We hypothesized patterns of weight assignments might exist across frequencies, such that weights assigned to particular bands might co-vary with weight assignments to other bands; the existence of such higher-order patterns would strengthen the notion that those involved bands were consistently meaningful and might provide insight into potentially shared oscillatory mechanisms. Indeed, significant positive correlations were observed across adjacent bands in the θ/α and β ranges, and within the vhf band (figure 6(c)); this reflected the coexistence of positive weights in the former and negative weights in the latter. In addition, local positive correlations were observed in the mid/high γ band as well. Interestingly, relatively strong negative correlations were observed between the vhf and γ_high bands, implying effective decoding relied concurrently on low vhf power as well as increased γ_high power. Likewise, a relatively prominent negative correlation was observed between the γ_low and θ ranges. A variety of other significant correlations were observed as well, suggesting these potentially interesting cross-frequency interactions may underlie the spectral ‘fingerprint’ of PD motor dysfunction.

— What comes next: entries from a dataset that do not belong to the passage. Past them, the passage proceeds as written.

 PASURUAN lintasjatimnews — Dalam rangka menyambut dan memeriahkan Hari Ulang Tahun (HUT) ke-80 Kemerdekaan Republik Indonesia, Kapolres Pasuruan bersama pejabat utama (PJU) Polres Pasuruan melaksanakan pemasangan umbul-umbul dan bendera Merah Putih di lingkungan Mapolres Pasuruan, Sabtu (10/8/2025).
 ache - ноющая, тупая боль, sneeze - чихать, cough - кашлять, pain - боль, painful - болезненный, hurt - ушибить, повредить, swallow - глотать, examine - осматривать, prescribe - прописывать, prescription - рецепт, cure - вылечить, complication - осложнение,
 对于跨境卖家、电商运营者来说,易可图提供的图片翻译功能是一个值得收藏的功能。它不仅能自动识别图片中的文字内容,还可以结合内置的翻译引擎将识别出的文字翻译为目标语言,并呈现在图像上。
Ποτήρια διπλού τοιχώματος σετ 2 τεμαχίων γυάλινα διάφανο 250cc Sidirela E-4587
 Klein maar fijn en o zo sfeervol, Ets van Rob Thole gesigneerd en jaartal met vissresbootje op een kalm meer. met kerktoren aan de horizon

We also examined whether feature patterns depended on disease subtype by examining SVR weights separately for TD and nTD subjects. We found that SVR decoding of MES using STN neural signals was generally better for TD compared to nTD patients (figure 7(a)). Furthermore, TD patients’ decoding models exhibited a more consistent spectral profile (figure 7(b), top), with positive weights distributed throughout θ/ and low β frequency bands (~10–25 Hz) and significant negative weights in the high β/γ_low range. Decoding models for nTD patients, on the other hand, did not exhibit a consistent pattern of weight assignments (figure 7(b), bottom).

Figure 7. MES decoding by disease subtype.

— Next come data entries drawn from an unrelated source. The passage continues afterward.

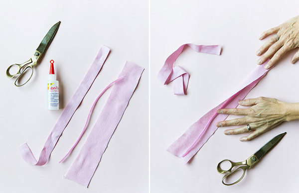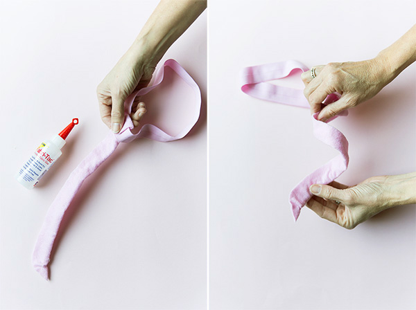 Потрібно вирізати з рожевою плюшевою тканини, вони повинна бути досить м'якою прямокутник для хвостика. Всередину кладемо волохату дріт, приклеюємо її до тканини, а далі склеюємо кінці тканини.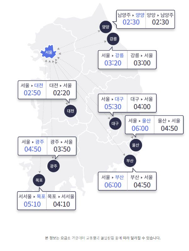 지방에서 서울까지는 △부산 4시간 50분 △울산 4시간 50분 △강릉 3시간 △양양 2시간 30분(남양주 도착) △대전 2시간 20분 △광주 3시간 50분 △목포 4시간 10분(서서울 도착) △대구 4시간이 걸릴 것으로 예상된다.
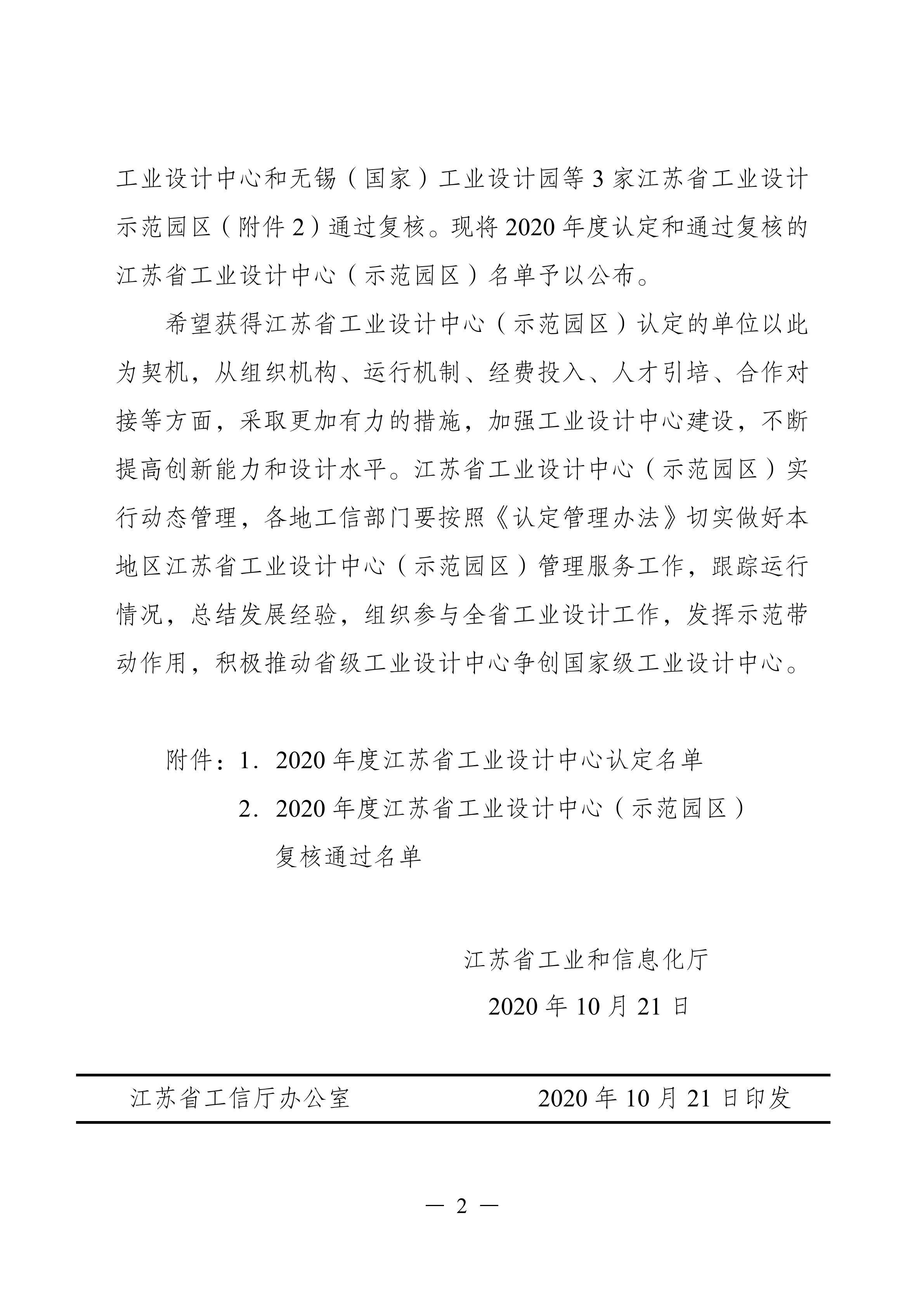 近日,江苏省工业和信息化厅发布《关于公布2020年度江苏省工业设计中心(示范园区)认定及复核结果的通知》(苏工信服务〔2020〕533号)文件,betway88西汉姆联工业设计中心获得2020年度省级工业设计中心。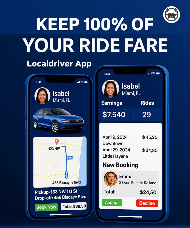 LocalDriver is a complete ride-booking system for independent transportation professionals. Get your own booking page, accept direct bookings, send payment requests, and manage your business โ without commissions or middlemen.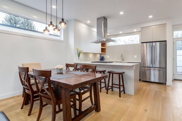 This 3-storey Townhouse by RNDSQR offers over total 2,290 sqft of well-designed, features open, bright, wide-plank hardwood, large windows, and a seamless flow from the living and dining area into a perfect kitchen with quartz counters, a gas range and high-end appliances on main level. On the second level, you'll see a comfortable primary bedroom with a 4-piece ensuite and walk-in closet, a second bedroom, a full 4-piect bathroom, and laundry area. Upstair on the 3rd level there's a bonus room which gives you the options for a home office, second living room, or converted into another bedroom. From there step out onto your private rooftop patio with views of Glenmore Athletic Park. The fully finished basement adds a third bedroom, full bathroom, and a rec space that works well as a guest area, gym, or cozy media room. You can access privately to the detached garage through your backdoor. Just steps from River Park, Sandy Beach, and Glenmore Athletic Park.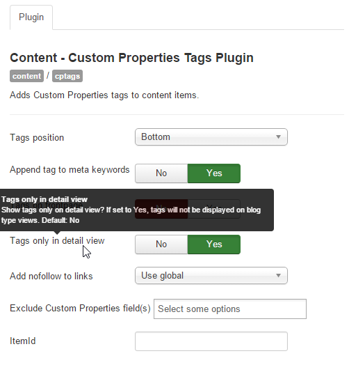 Edit: alternately you can set parameter 'Tags only in detail view' to Yes in 'Content - Custom Properties Tags Plugin'

(A) Mean SVR decoding accuracy was greater for tremor dominant (TD) than for non-tremor dominant (nTD) patients (p = 0.0161 by Mann-Whitney U test; bars show means ± S.E.M.). (B) The mean SVR feature weights for the TD group (top; n = 9) and nTD group (bottom; n = 12). Conventions as in figure 6(b). Note that SVR decoding models for TD patients demonstrated significant contiguous positive spectral feature weights distributed within the θ/α and low β sub-bands (~10–25 Hz) and significant negative weights distributed within the high β and γ_low bands (~26–40 Hz), while decoding models for nTD patients, on average, did not exhibit a consistent pattern of positive or negative weights.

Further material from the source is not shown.